- _Information shown_
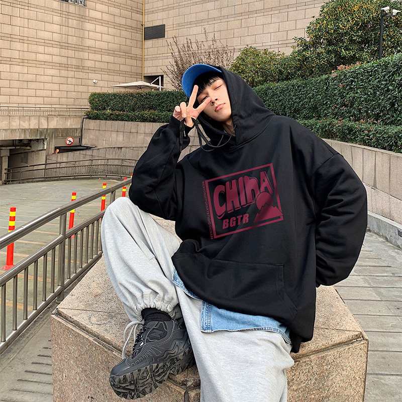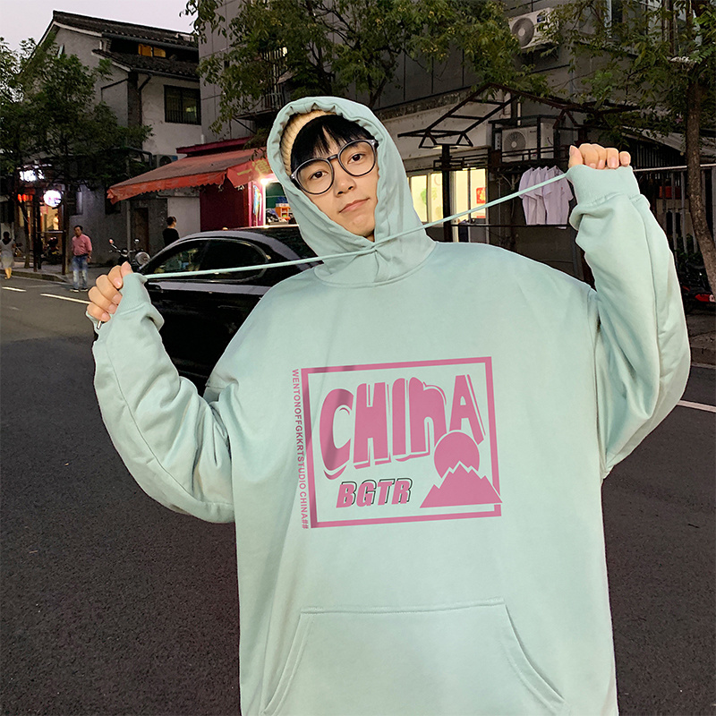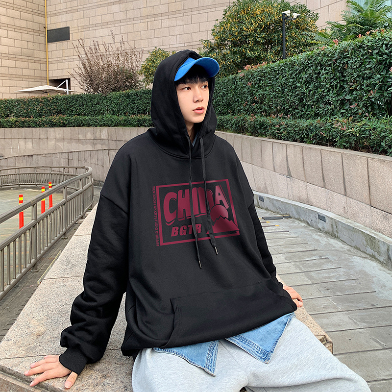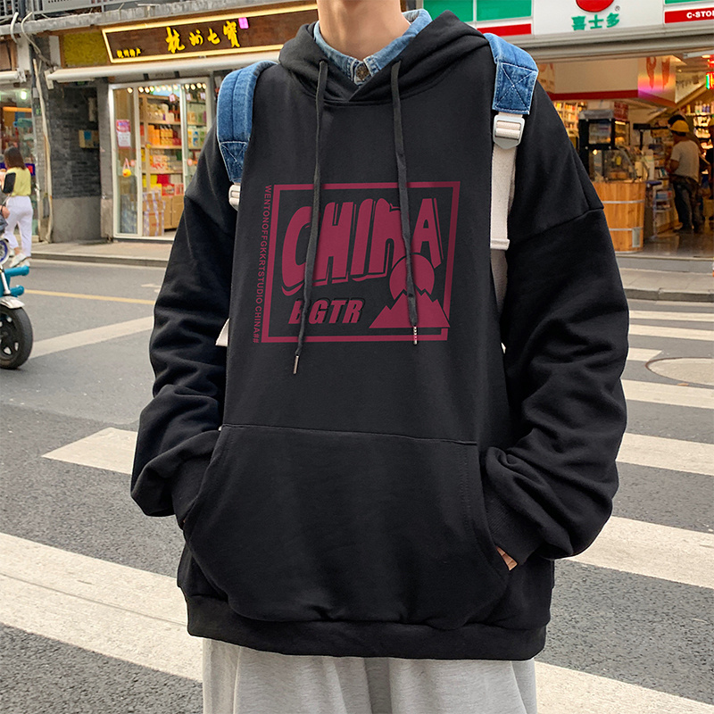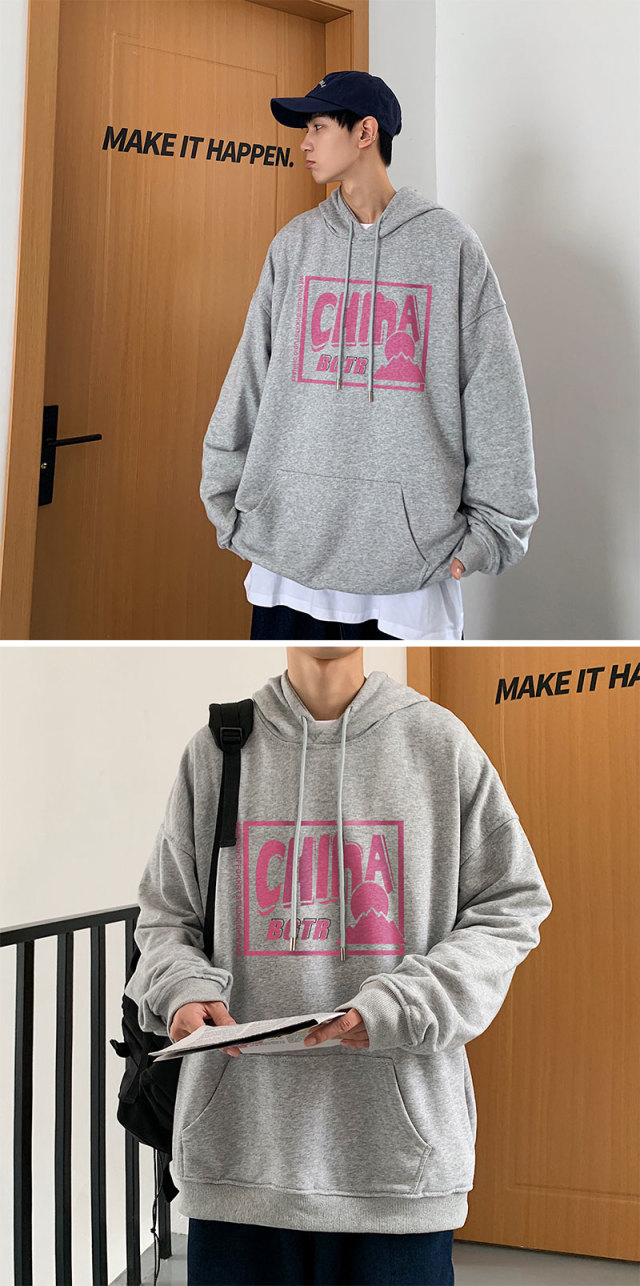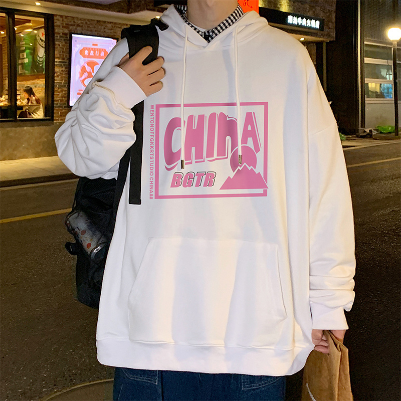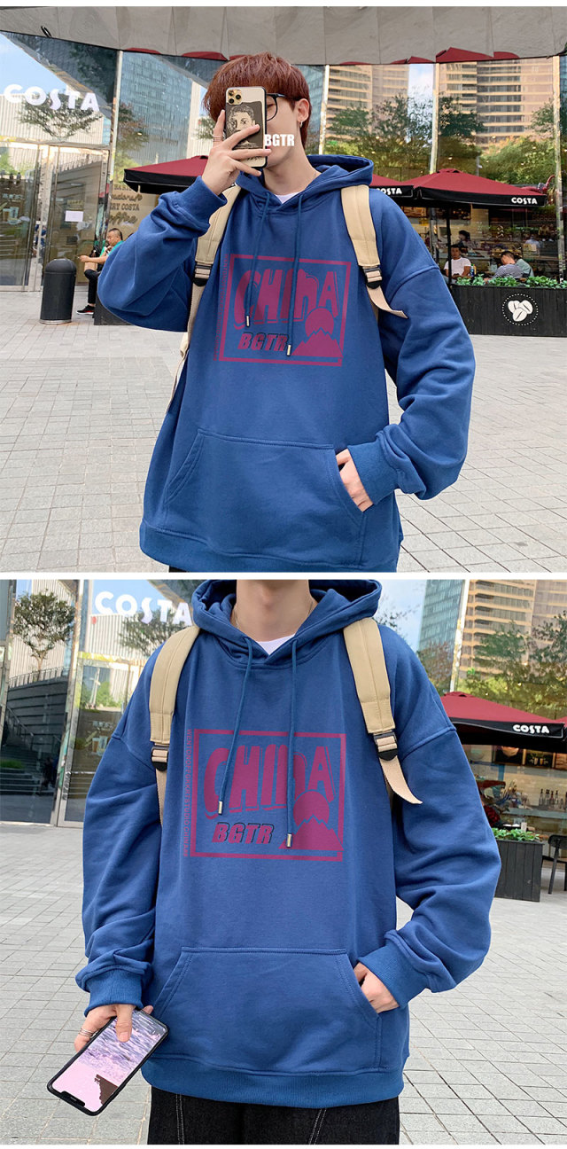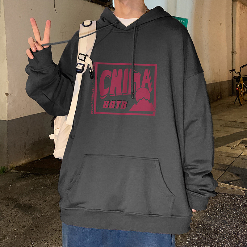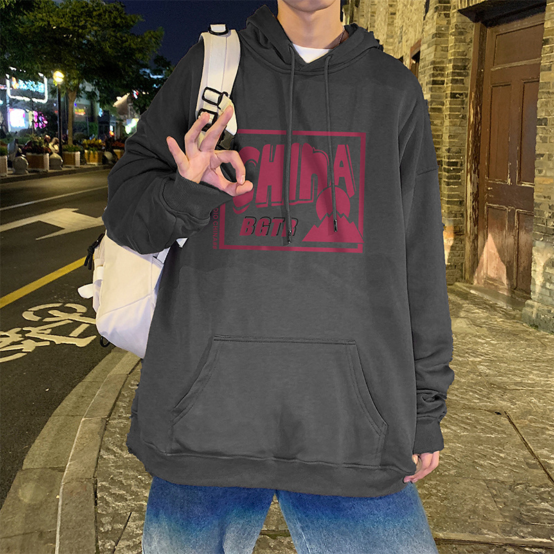 实拍 港风百搭潮流印花宽松连帽上衣男韩版日系休闲简约卫衣
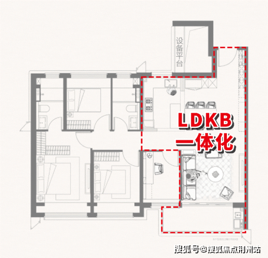 LDKB一体化的设计恰到好处的解决了面积不够的问题。厨房、餐厅、客厅三大空间联通,不仅通透感十足,还构建了一个利用率超高的家庭核心区,在这样高度开放的空间里,即使互不交流,也能保持交流和关注!
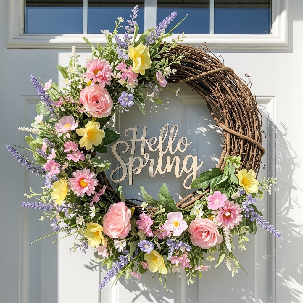 A DIY spring floral wreath is one of the easiest ways to welcome the season into your home. Using faux flowers, greenery, and a simple grapevine base, you can create a beautiful front door statement piece. Soft pastel blooms like blush pink, lavender, and pale yellow give your wreath a light and cheerful feel. Adding ribbon or a wooden “Hello Spring” sign makes it even more inviting. This project instantly boosts curb appeal and sets the tone for your entire home.
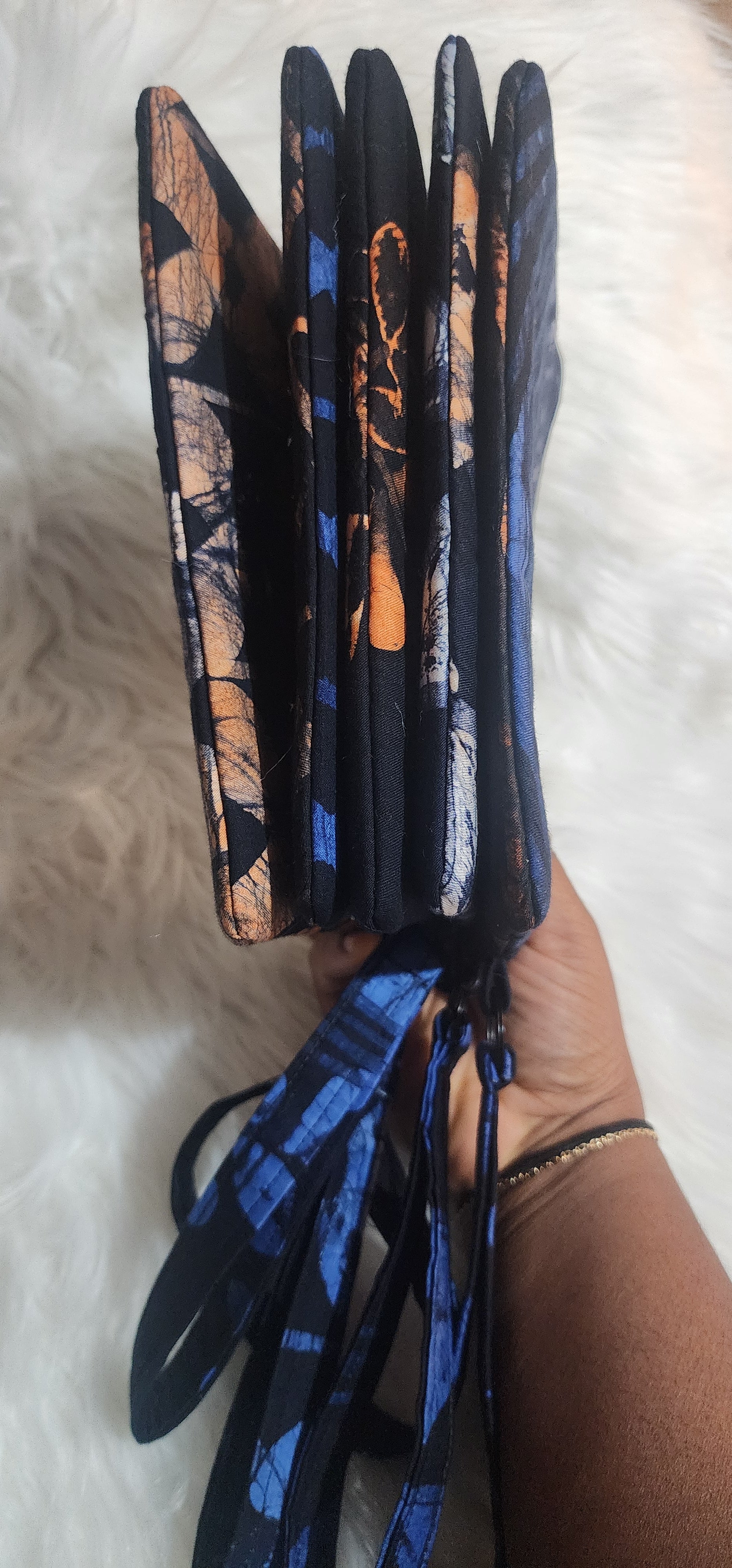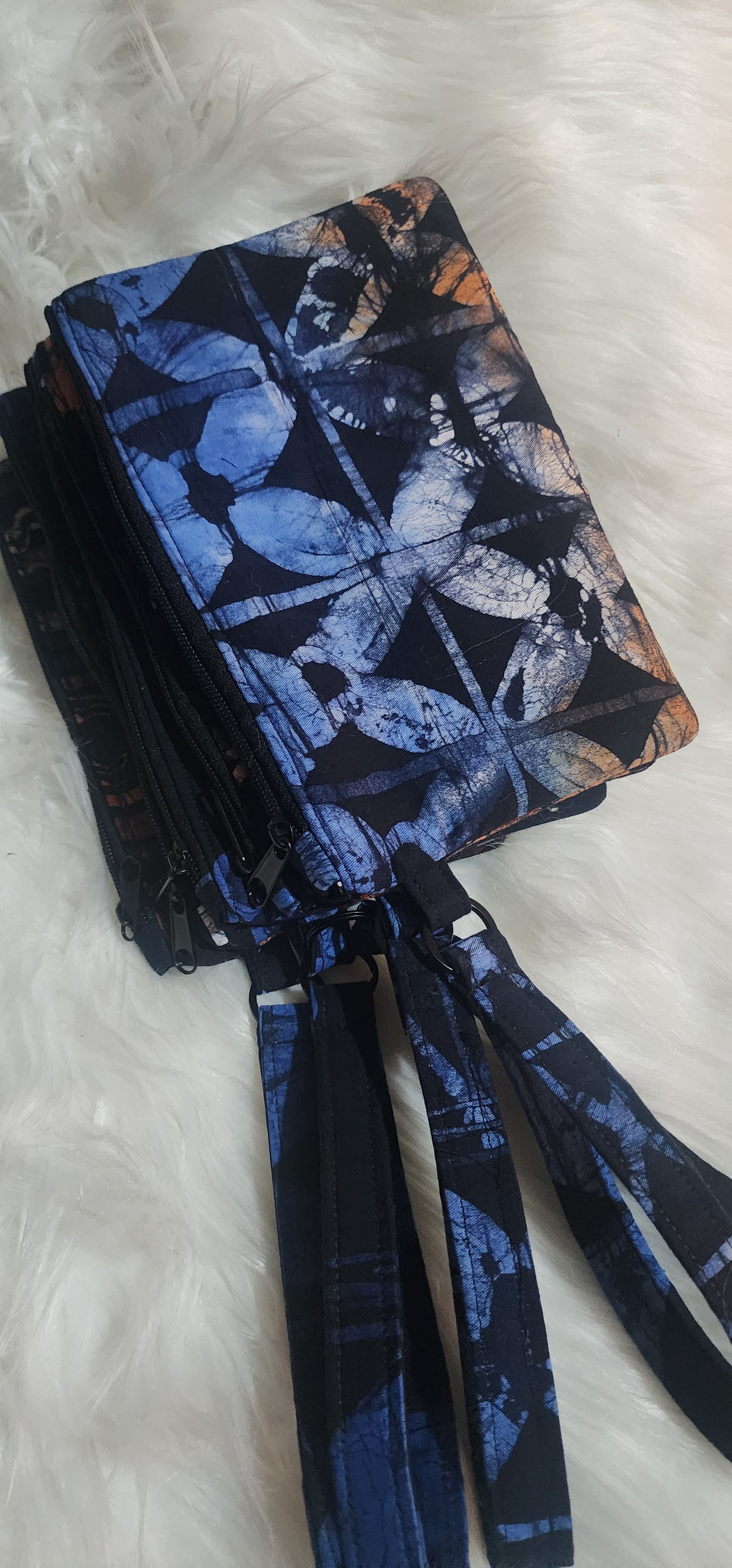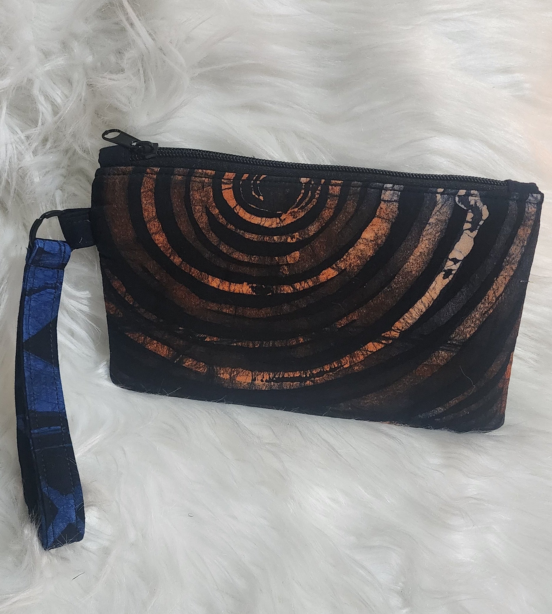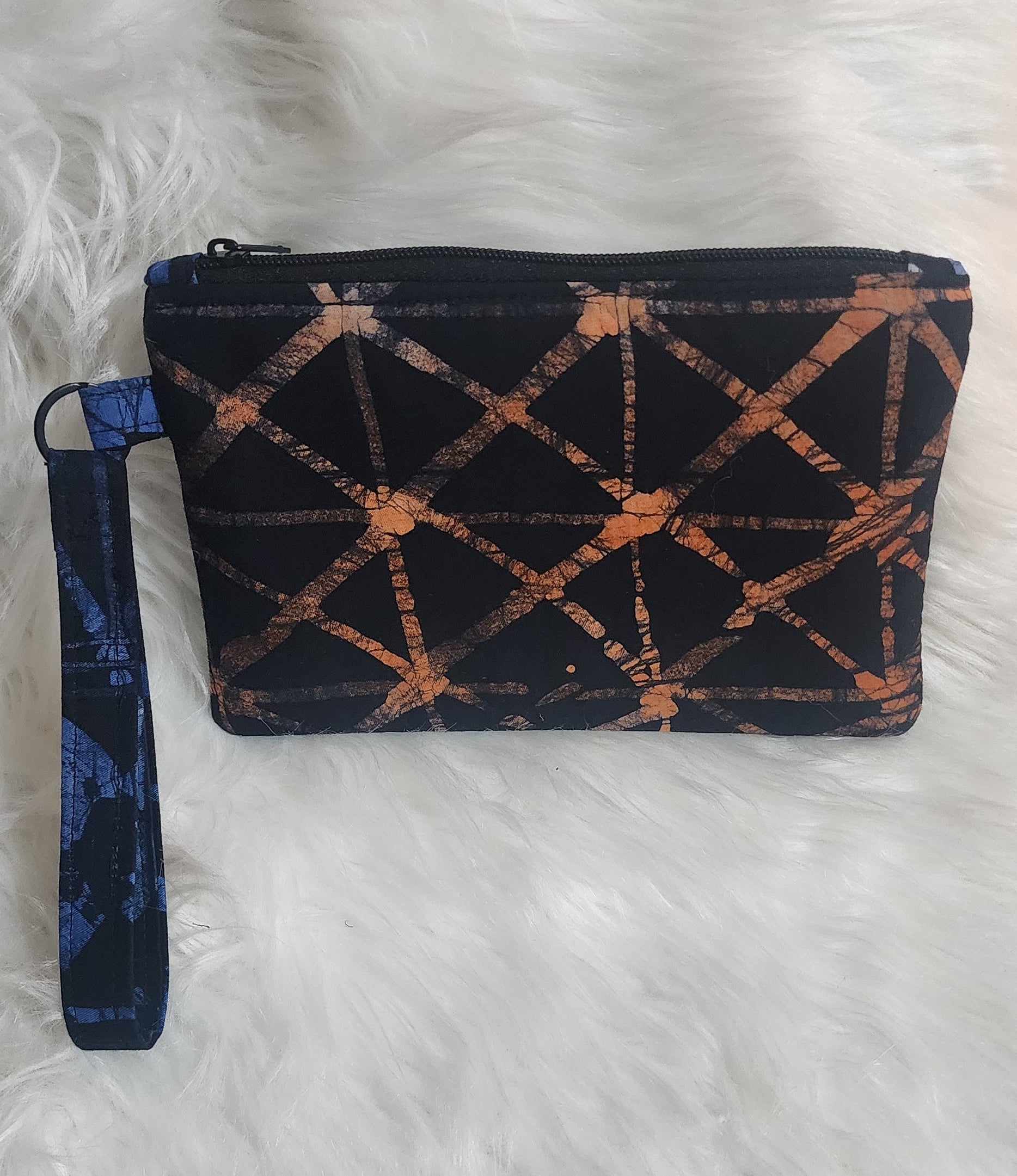 Handmade hand dyed adire batik wristlet in rich blue and orange tones. Lightweight, roomy, fully lined, and secured with zipper closure—perfect for carrying phone, cash, and essentials. A unique, culture-rich gift idea for the holidays.

- _Prompt_
Give back the full listing verbatim, skipping each picture.

- _Result_
 实拍 港风百搭潮流印花宽松连帽上衣男韩版日系休闲简约卫衣
 LDKB一体化的设计恰到好处的解决了面积不够的问题。厨房、餐厅、客厅三大空间联通,不仅通透感十足,还构建了一个利用率超高的家庭核心区,在这样高度开放的空间里,即使互不交流,也能保持交流和关注!
 A DIY spring floral wreath is one of the easiest ways to welcome the season into your home. Using faux flowers, greenery, and a simple grapevine base, you can create a beautiful front door statement piece. Soft pastel blooms like blush pink, lavender, and pale yellow give your wreath a light and cheerful feel. Adding ribbon or a wooden “Hello Spring” sign makes it even more inviting. This project instantly boosts curb appeal and sets the tone for your entire home.
 Handmade hand dyed adire batik wristlet in rich blue and orange tones. Lightweight, roomy, fully lined, and secured with zipper closure—perfect for carrying phone, cash, and essentials. A unique, culture-rich gift idea for the holidays.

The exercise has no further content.